Scales aren’t changing and the weather won’t be noticeably different, but on May 20 the definitions that underlie what your scale and thermometer report – along with standard definitions used in chemistry and electronics – are undergoing a major overhaul. That’s the date that a more-than-centuries-long process of standardizing measurements reaches its conclusion.
At that time, the way we define an amount of light or electrical current – along with the more familiar measurements of volume and mass – will all be based on descriptions that could be replicated by anyone not just on Earth but in galaxies far, far away.
“Nothing changes and everything changes,” said Marc Salit, who helped define these measurements – known as the International System of Units, or SI units – at the National Institute of Standards and Technology for 28 years. He now directs an effort to apply similar rigor to definitions of biological measurements. That effort, called the Joint Initiative for Metrology in Biology, or JIMB (pronounced Jim-Bee), was founded by NIST and Stanford in 2014 and is now part of SLAC National Accelerator Laboratory.
Salit said Monday’s changes will be invisible to most people but represent a major change in the field of metrology. He was at the meeting in November where the assembled international representatives voted to adopt the proposed changes.
“It was cool to see the U.S. voting yes, Russia voting yes, Ukraine voting yes and China voting yes. All voting yes to adopt the resolution that redefines the SI,” Salit said.
He equates metrology with kids trying to equally share a chocolate bar. “We each have an innate sense of justice and fairness,” he said. “This redefined SI is how we share. It’s the basis for trade. It’s the basis for equity. It’s the basis for knowledge that is quantitative and interoperable and communicable.”
The international effort to standardize measurements began with a treaty in 1875, when countries recognized the need for a consistent way of measuring products for trade. One early outcome was a standardized kilogram created in 1889 and housed in an underground bunker outside Paris, known as Le Grand Kilo or Le Grand K. Copies exist around the world, but Le Grand K, protected with three sets of keys, set the standard.
Now, a kilogram, like each of the seven base units of measure, will hinge on unchanging properties of nature – the speed of light, the wavelength of known atoms – and all other measurements build on those.
“This represents centuries of work bringing us together to share in a quantitative and repeatable, reproducible, precise manner,” Salit said. “That redefinition makes it so that those units are coupled through a harmonious system that could be beamed into space.”
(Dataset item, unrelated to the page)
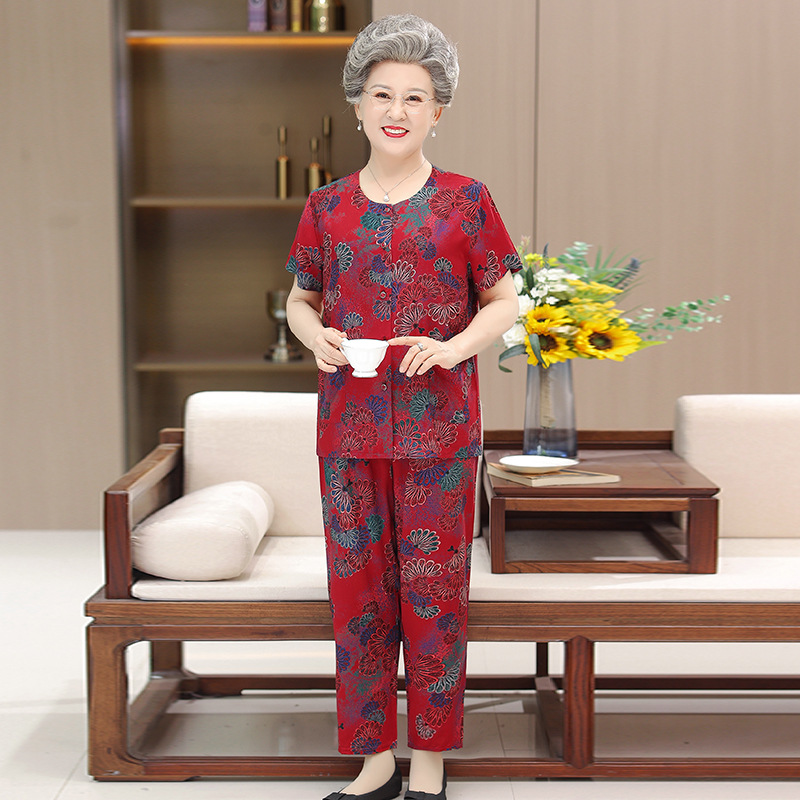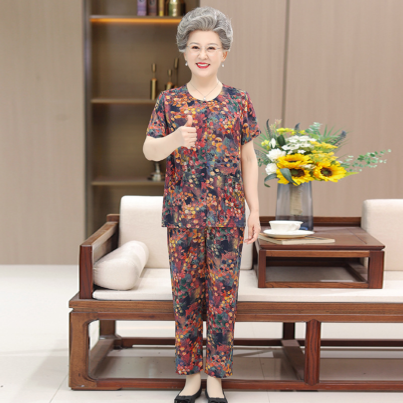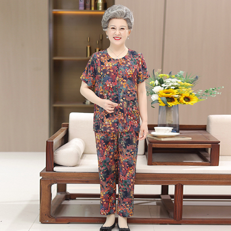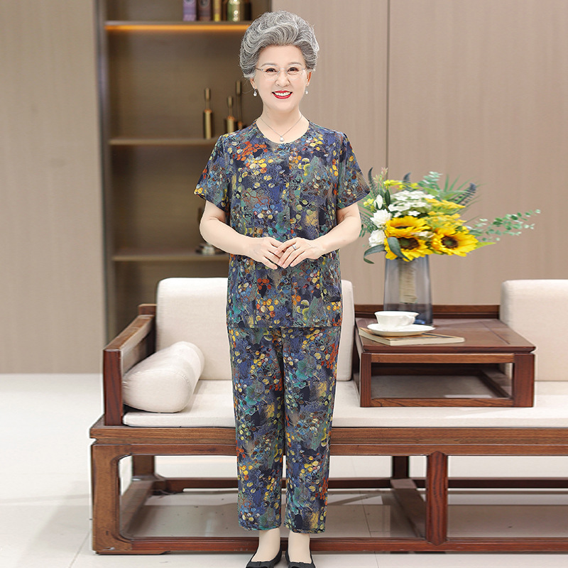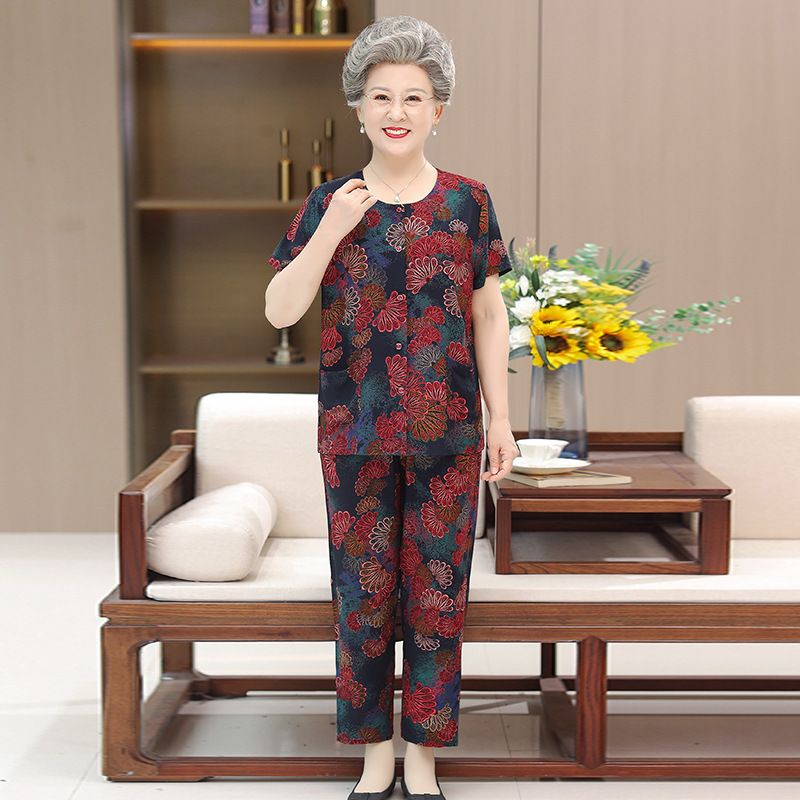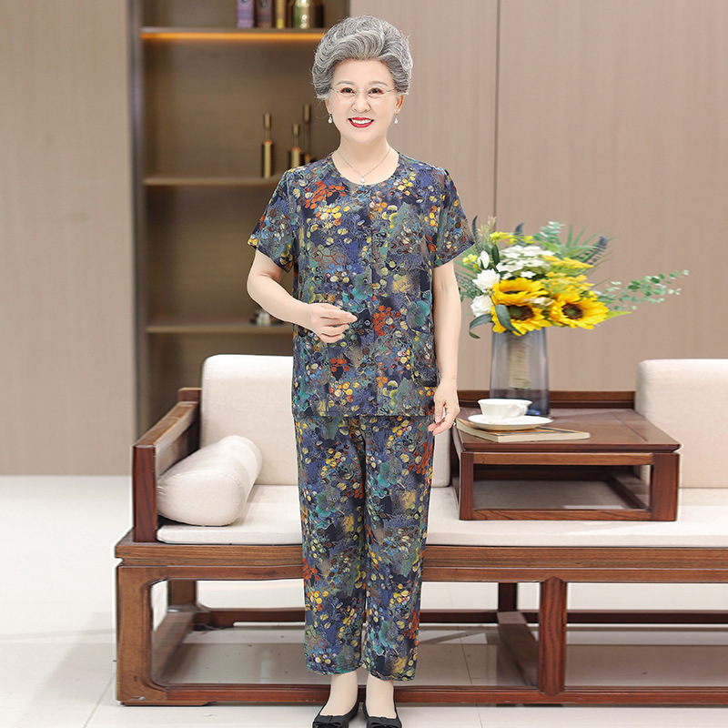 中老年人棉绸套装女奶奶短袖开衫70岁80妈妈老人绵绸两件套装夏季
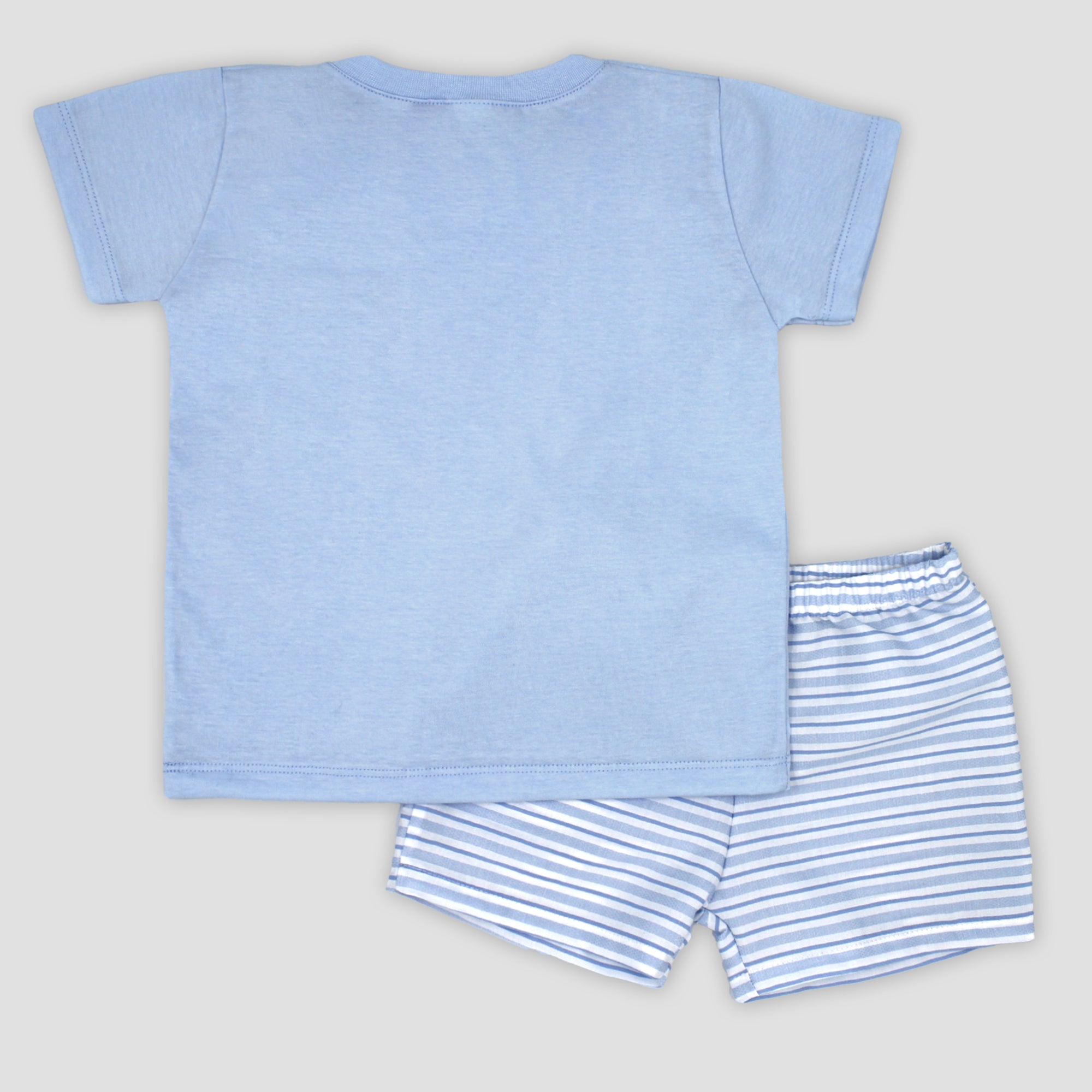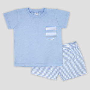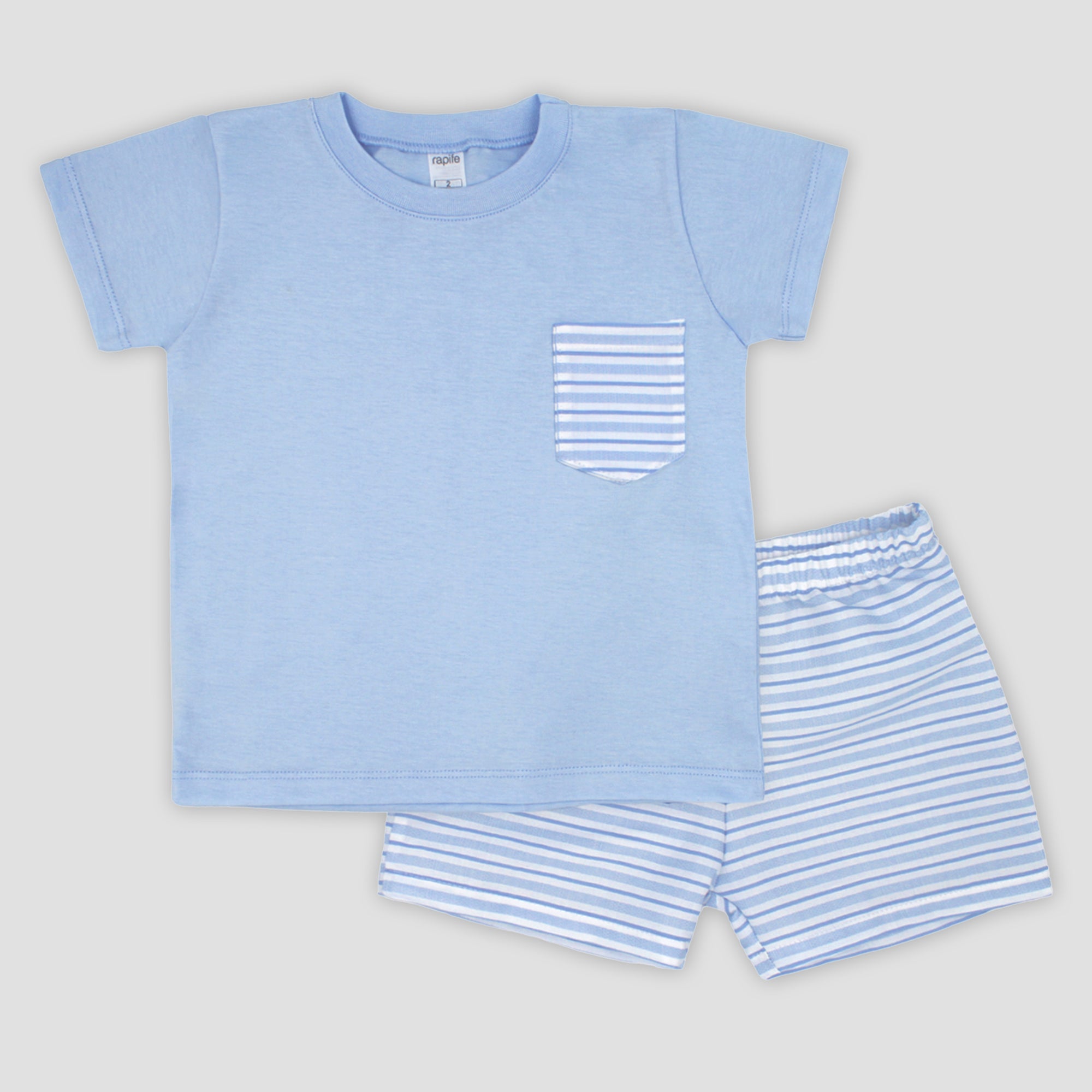 Classic summer short set from Spanish brand Rapife. The top is a soft feel blue cotton with a feature blue and white horizontal striped patch pocket to the chest to match the shorts. Shorts have an elasticated waistband. Fit: True to size (e.g. 12 months = 9-12 months)Composition: 100% cotton Care: Machine Washable (30 degrees) Brand: Rapife

To promote their effort, NIST has created superhero personas for each base unit of measure, all united around a common villain – Major Uncertainty (its symbol: the question mark).
Salit’s work at JIMB focuses on trying to bring the same absolute specificity to biology. “How do you sequence something in Canada and I sequence it here and how do we compare? How do we make sure we got it right?” he asked.
Salit helped devise standardized controls for measuring the activity of genes and is looking at standardizing descriptions of how scientists measure protein levels.
As with the base units of measure, he said, the goal is to help scientists communicate, share knowledge and ultimately support fair partnership in trade.